Louise Brooks in a still for Pandora's Box (1929)

Pandora's Box was the film that completely altered Louise's career and place in history.  The film was made in 1929, shot in Berlin, Germany, and directed by GW Pabst.  Brook's left her Hollywood home and Paramount to make this film, unwittingly sealing her fate in more ways than one.  Her character, Lulu, had a huge influence on Brooks' life and later writings, which is more than proven by her constant drawing of parallels between their respective lives and her titling her book Lulu in Hollywood.  There are SO many things to be said about this film, I could write an entire thesis on it (and I am, sort of). I will direct you to both Lulu in Hollywood, written by Louise herself, and Louise Brooks, written by Barry Paris, or her journals for further reading on this loaded and intricate topic.

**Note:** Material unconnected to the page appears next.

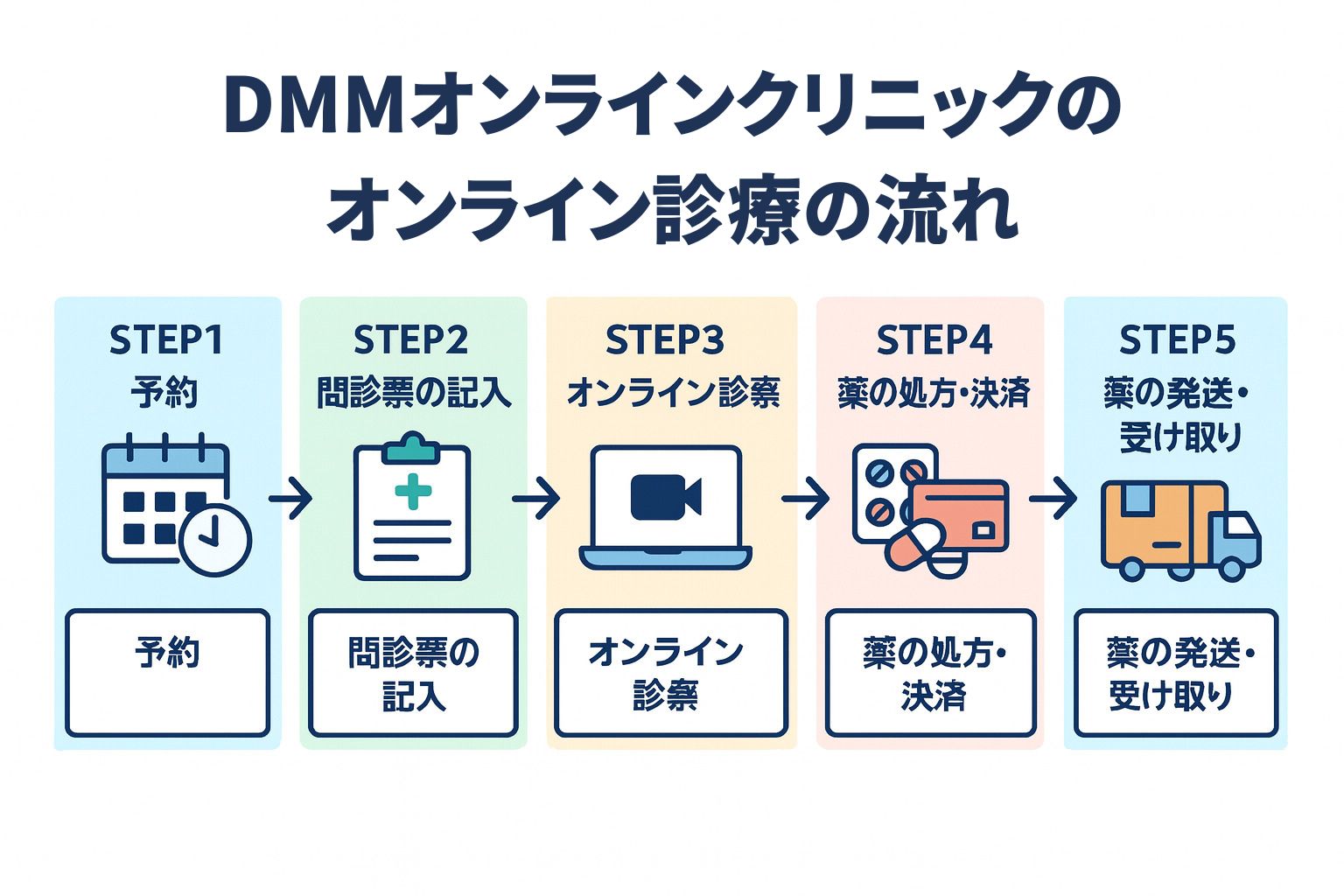 A. 予約~診察~決済~発送~受け取りまでオンラインで完結します。処方後は自宅・コンビニ・ロッカーで受け取り可能です。詳しい手順はこちら。

 Louise Brooks in  Prix de Beaute  (1930)

Louise Brooks in Prix de Beaute (1930)

Prix de Beaute is a film that Louise made in Paris in 1930.  The film was supposed to be directed by Rene Clair, the famed French director, however he had trouble with production and so the film was ultimately directed by Augusto Genina.  The film itself follows the life of a young woman, Lucienne, who wins a beauty contest and finds this disagreeable to her fiance, who is jealous and abusive.  Genina later wrote an autobiography in which he spoke of Louise's notorious alcoholism on and off the set.  As far as I know, Brooks declared it all to be false.  However, I have been told that she was not often able to open up about her alcoholism and perhaps was in denial.  

 Louise Brooks in  Prix de Beaute  (1930)

Louise Brooks in Prix de Beaute (1930)

 Louise Brooks in  Prix de Beaute

Louise Brooks in Prix de Beaute

Blaise Pascal was a famed mathematician, scientist and philosopher, and has a special place in Louise's life thanks to a book of his works, called Pensees, that she was gifted by Robert Benchley.  Inside it, he inscribed the message "From Blaise Benchley to Blaise Brooks." (Paris, 408) 

Paris is where Louise listed as her favorite place to have lived.  She attributed this, later in life, to the fact that she didn't speak French and therefore didn't have to communicate with anyone while she was working on sets.